→ **Data to process**:
+---+

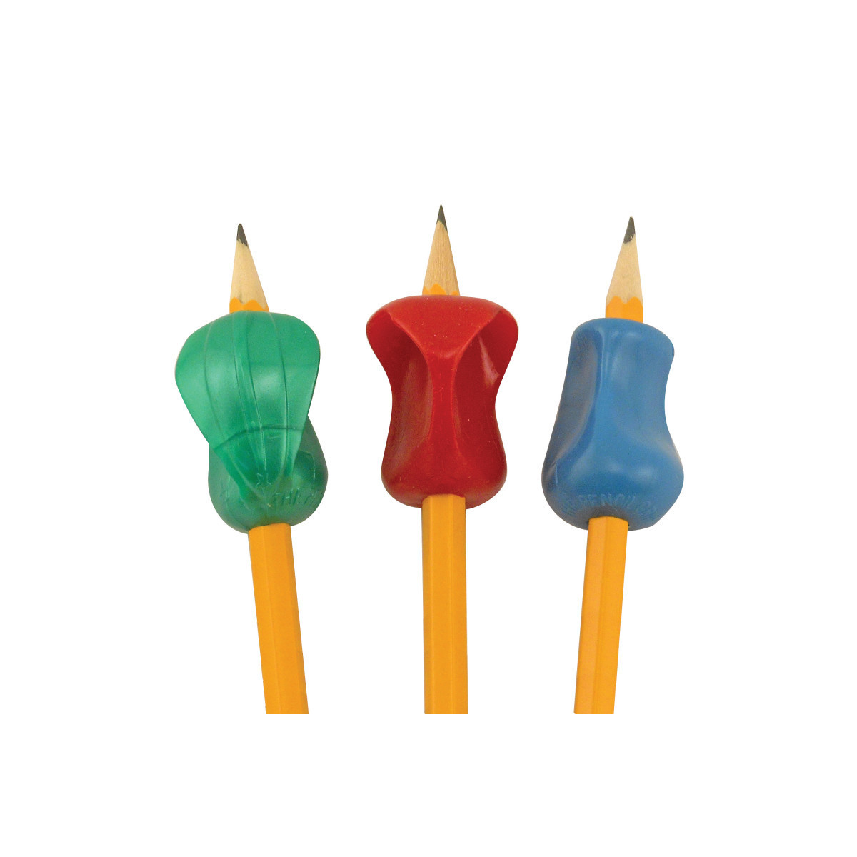 The 3 Step Training Kit contains 3 premium Pencil Grips, 1 each of The Crossover Grip, The Pinch Grip and The Pencil Grip in assorted colors. For best results, use The Crossover Grip with adult supervision for training purposes. The "super hero cape" over the fingers provides maximum structure and reinforcement of proper positioning. Next, The Pinch Grip is used on all writing instruments for transition. The unique partial "wings" allow for both structure and freedom. Finally, graduation with The Pencil Grip! This grip can be used on all utensils and writing instruments for a lifetime of comfort and control. Individual grip styles are available for purchase separately.
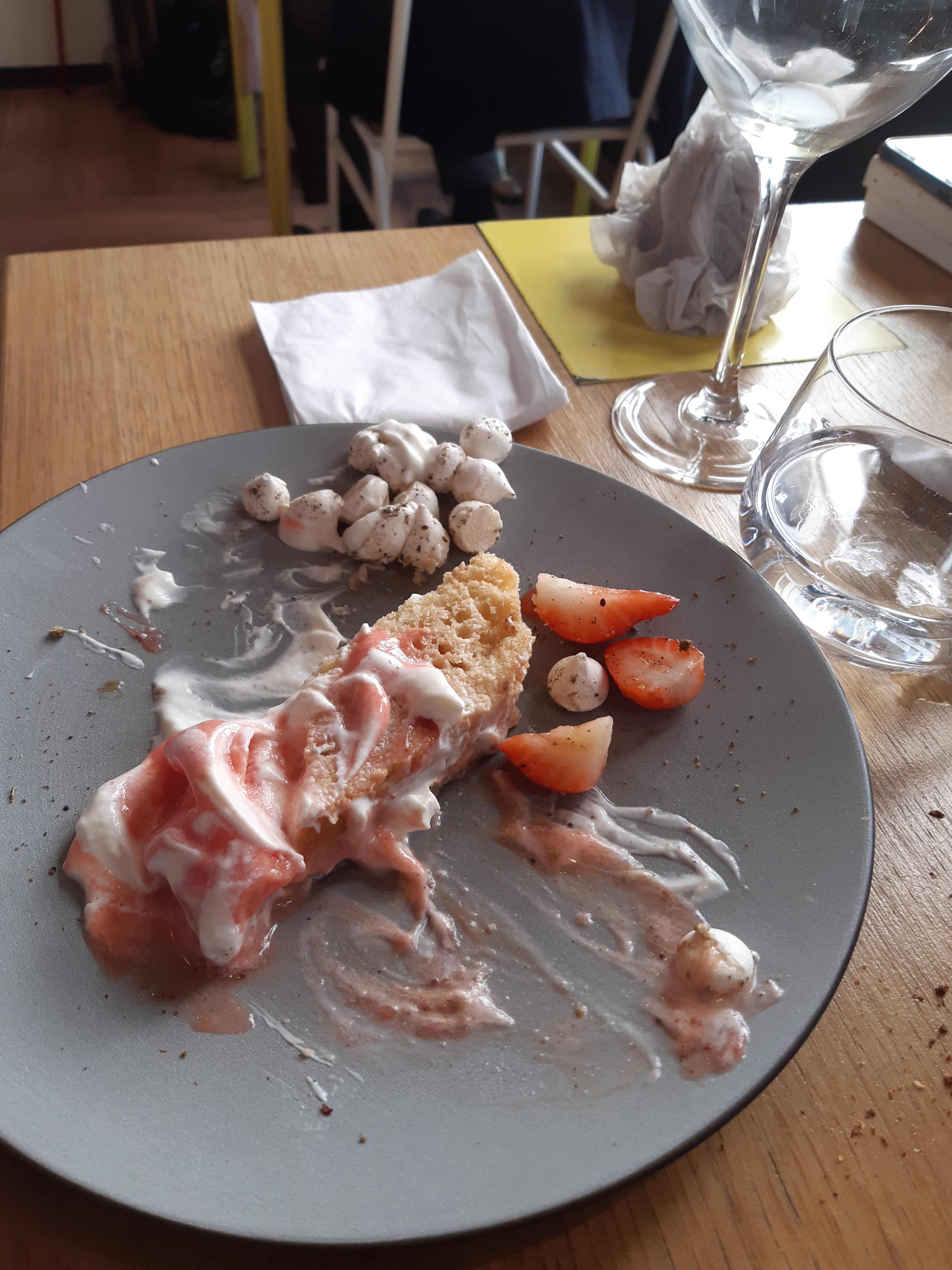 En vrai je n'ai aimé ni mon entrée (topinambours shitake) ni mon plat (truite). C'était trop acide ou trop amer et pas très équilibré. En revanche la dessert (guimauve brulee et glace au curry) était fou. Et j'ai goûté l'autre plat dans lasiette de mon copain et c'était fou. C'était très bien présenté. Donc en gros ils font des associations pas toujours maîtrisées et vous pouvez soit tomber sur un truc génial soit un truc à pas garder. Dans tous les cas à 26euros le menu entrée plat dessert je veux bien être le cobaye. (La personne qui m'accompagnait a tout aimé de À à Z je précise )
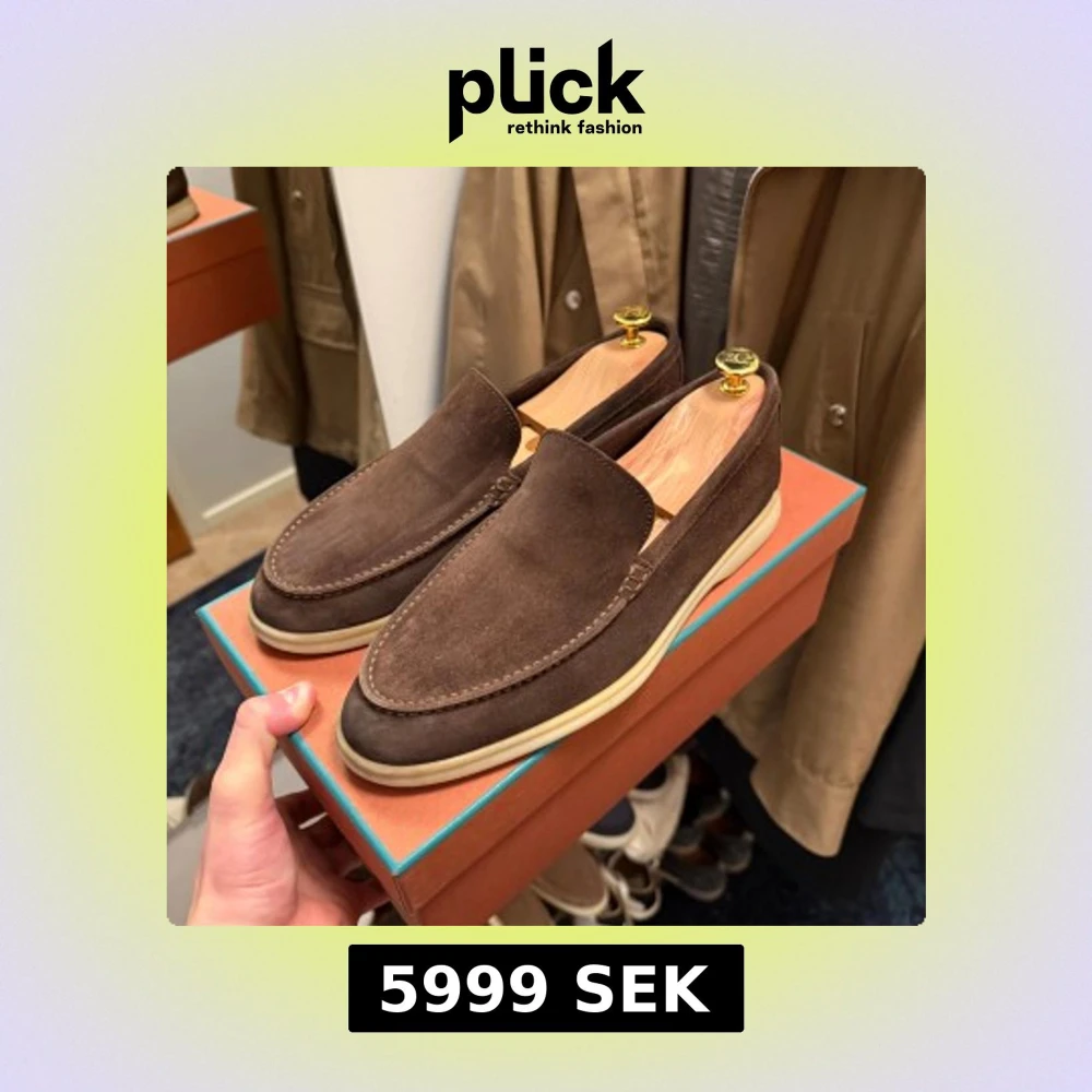 Snygga SW från Loro Piana i brun mocka med rund tå och platt ljus sula. Skorna har stilren design utan snörning och är perfekta för dig som gillar klassisk och avslappnad stil. Insidan är mjuk och bekväm, och de passar lika bra till jeans som till chinos. Allt OG följer med box två dust bags
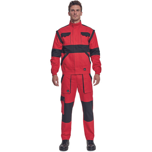 • férfi cipzáras munkakabát levehető ujjakkal • 2 oldalzseb, 2 mellzseb • megerősítés a váll- és könyökrészeken • rugalmas mandzsetta és derékpánt • anyag: 100% pamut, anyagvastagság: 260 g/m2
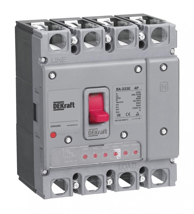 Силовой авт. выкл. с электрон. расц. 4P 63А 50кА ВА-333E | 22495DEK | DEKraft
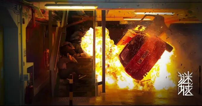 除此之外,《谜城》中激燃的“车战”也大有看头。在林岭东的严苛要求下,撞车和爆破等戏份也突破瓶颈、全面升级。一众豪车在追逐和激战中变废铁,其震撼场面不亚于《极品飞车》。而SUV撞入满载乘客的双层巴士,车子爆破现场腾升而起的蘑菇云火焰也展现了林岭东导演丰富的想象力。
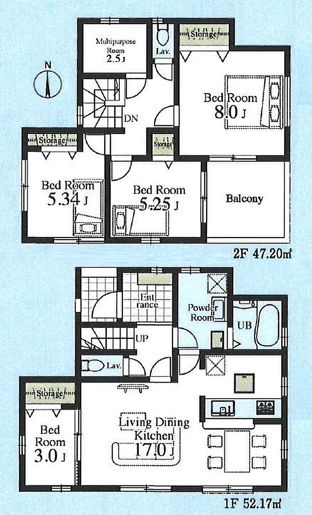 | 間取り | 4SLDK 間取り内訳:洋室 8帖(2階)・洋室 5.3帖(2階)・洋室 5.2帖(2階)・洋室 3帖(1階)・リビングダイニングキッチン 17帖(1階)・収納 2.5帖(2階) |
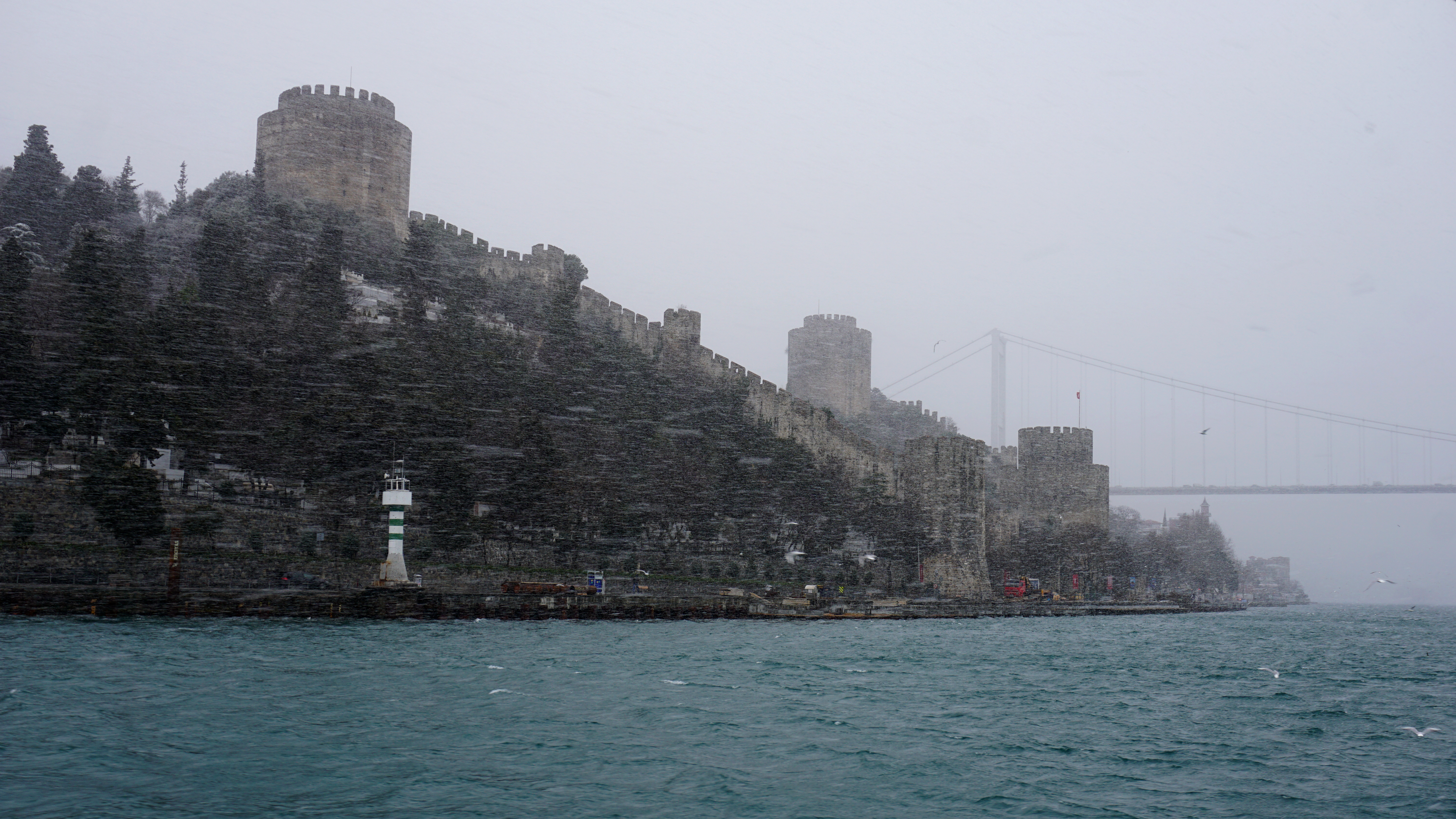 One of the things to do in Istanbul is to experience the Bosphorus Strait on a cruise. We did this with our guide. It was a snowy morning with flurries coming and going, but the cruise wasn’t a wash. We could still see and enjoy the scenery and sights.

+---+

→ **Task brief**: What is needed is a verbatim copy of the entries, leaving out any pictures.

→ **Problem solution**:
 The 3 Step Training Kit contains 3 premium Pencil Grips, 1 each of The Crossover Grip, The Pinch Grip and The Pencil Grip in assorted colors. For best results, use The Crossover Grip with adult supervision for training purposes. The "super hero cape" over the fingers provides maximum structure and reinforcement of proper positioning. Next, The Pinch Grip is used on all writing instruments for transition. The unique partial "wings" allow for both structure and freedom. Finally, graduation with The Pencil Grip! This grip can be used on all utensils and writing instruments for a lifetime of comfort and control. Individual grip styles are available for purchase separately.
 En vrai je n'ai aimé ni mon entrée (topinambours shitake) ni mon plat (truite). C'était trop acide ou trop amer et pas très équilibré. En revanche la dessert (guimauve brulee et glace au curry) était fou. Et j'ai goûté l'autre plat dans lasiette de mon copain et c'était fou. C'était très bien présenté. Donc en gros ils font des associations pas toujours maîtrisées et vous pouvez soit tomber sur un truc génial soit un truc à pas garder. Dans tous les cas à 26euros le menu entrée plat dessert je veux bien être le cobaye. (La personne qui m'accompagnait a tout aimé de À à Z je précise )
 Snygga SW från Loro Piana i brun mocka med rund tå och platt ljus sula. Skorna har stilren design utan snörning och är perfekta för dig som gillar klassisk och avslappnad stil. Insidan är mjuk och bekväm, och de passar lika bra till jeans som till chinos. Allt OG följer med box två dust bags
 • férfi cipzáras munkakabát levehető ujjakkal • 2 oldalzseb, 2 mellzseb • megerősítés a váll- és könyökrészeken • rugalmas mandzsetta és derékpánt • anyag: 100% pamut, anyagvastagság: 260 g/m2
 Силовой авт. выкл. с электрон. расц. 4P 63А 50кА ВА-333E | 22495DEK | DEKraft
 除此之外,《谜城》中激燃的“车战”也大有看头。在林岭东的严苛要求下,撞车和爆破等戏份也突破瓶颈、全面升级。一众豪车在追逐和激战中变废铁,其震撼场面不亚于《极品飞车》。而SUV撞入满载乘客的双层巴士,车子爆破现场腾升而起的蘑菇云火焰也展现了林岭东导演丰富的想象力。
 | 間取り | 4SLDK 間取り内訳:洋室 8帖(2階)・洋室 5.3帖(2階)・洋室 5.2帖(2階)・洋室 3帖(1階)・リビングダイニングキッチン 17帖(1階)・収納 2.5帖(2階) |
 One of the things to do in Istanbul is to experience the Bosphorus Strait on a cruise. We did this with our guide. It was a snowy morning with flurries coming and going, but the cruise wasn’t a wash. We could still see and enjoy the scenery and sights.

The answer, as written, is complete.